→ Data block:
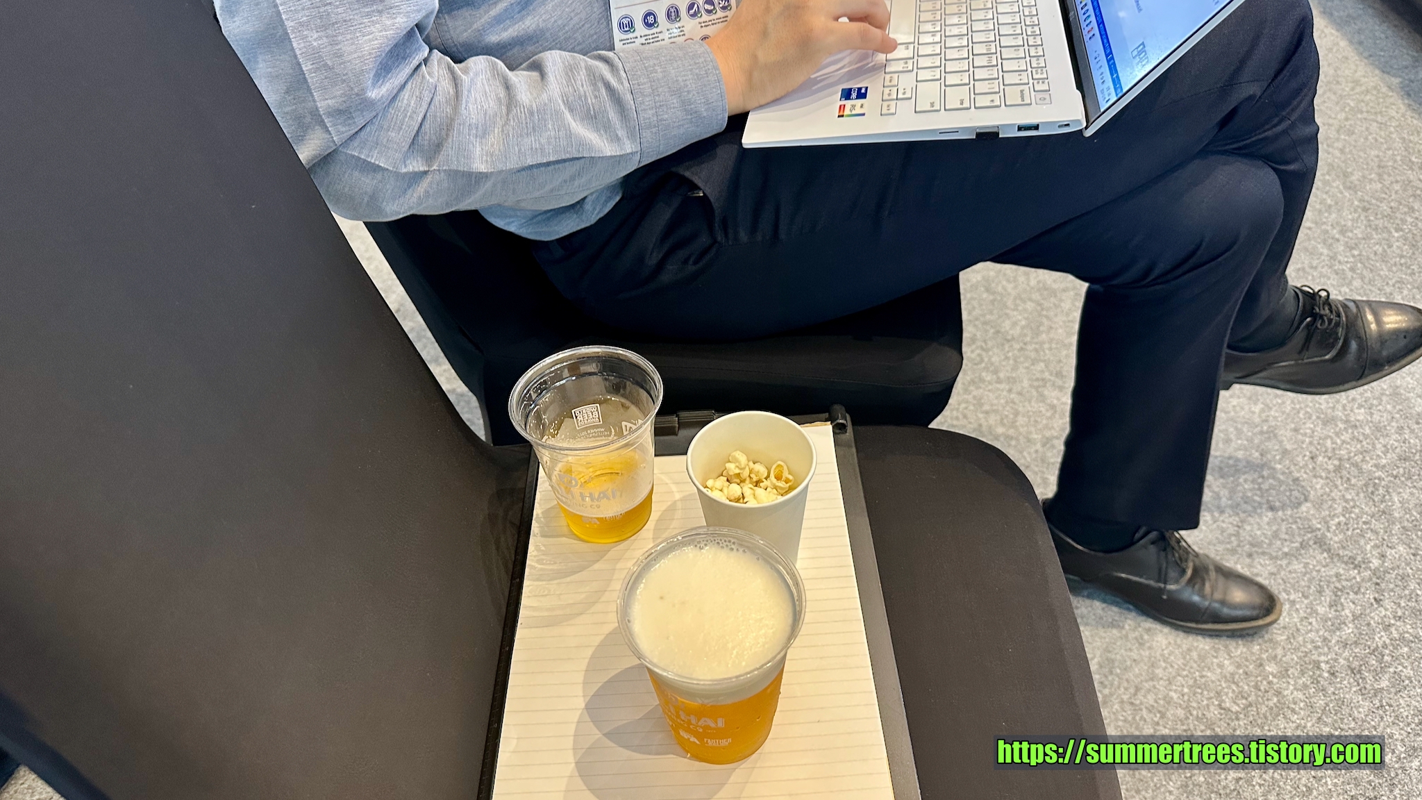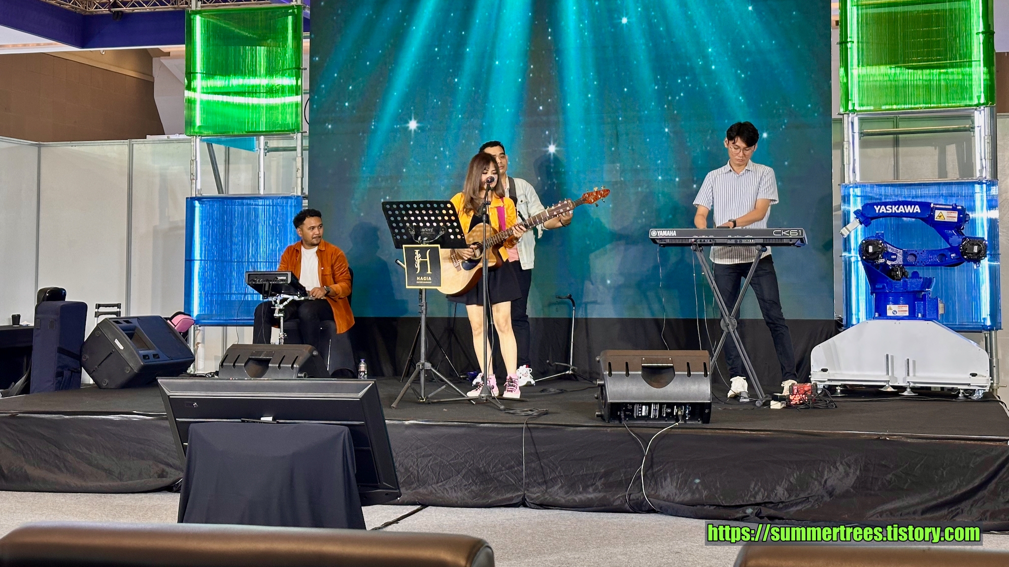전시회 한 켠에는 극장식으로 무대를 설치하고 마칠 무렵마다 밴드의 연주와 함께 무료맥주를 제공해줬다. 여기를 알고부터는 마칠 시간에는 이곳에 앉아 맥주를 마시며 업무정리를 했다.
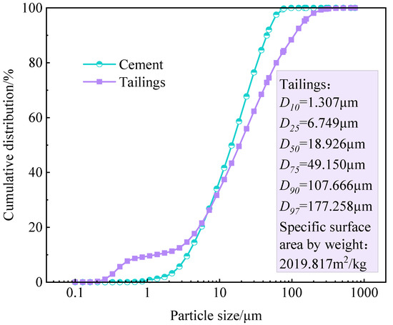 5–7 mm sized waste rock and gold tailings were utilized for making CTB samples. ordinary Portland cement (OPC) 42.5R was employed as a basic cementing source. Tap water in the lab was used as mixing water. A laser diffraction particle size analyzer was utilized to characterize specimens’ grain size distribution (GSD). GSD profiles of gold both tailings and cement are shown in Figure 1. Note that GSD plot of gold tailings was similar to that of cement. 10% of the tailings were less than 2 μm, and 50% of the tailings were less than 20 μm. The curvature coefficient of the tailings was 2.07, and the uniformity coefficient was 20.98.
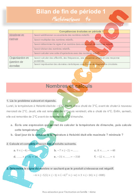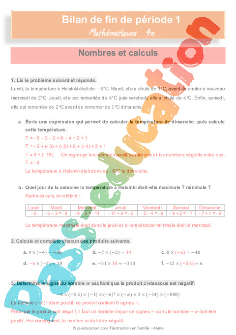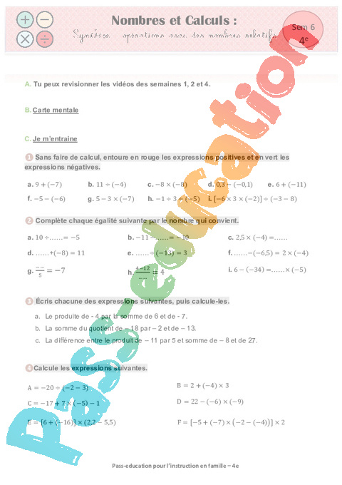 1 a Nombres et calculs – Synthèse opérations avec des nombres relatifs pdf

→ Activity: In your copy, include no pictures; print every line above exactly.

→ Solution to this task:
전시회 한 켠에는 극장식으로 무대를 설치하고 마칠 무렵마다 밴드의 연주와 함께 무료맥주를 제공해줬다. 여기를 알고부터는 마칠 시간에는 이곳에 앉아 맥주를 마시며 업무정리를 했다.
 5–7 mm sized waste rock and gold tailings were utilized for making CTB samples. ordinary Portland cement (OPC) 42.5R was employed as a basic cementing source. Tap water in the lab was used as mixing water. A laser diffraction particle size analyzer was utilized to characterize specimens’ grain size distribution (GSD). GSD profiles of gold both tailings and cement are shown in Figure 1. Note that GSD plot of gold tailings was similar to that of cement. 10% of the tailings were less than 2 μm, and 50% of the tailings were less than 20 μm. The curvature coefficient of the tailings was 2.07, and the uniformity coefficient was 20.98.
 1 a Nombres et calculs – Synthèse opérations avec des nombres relatifs pdf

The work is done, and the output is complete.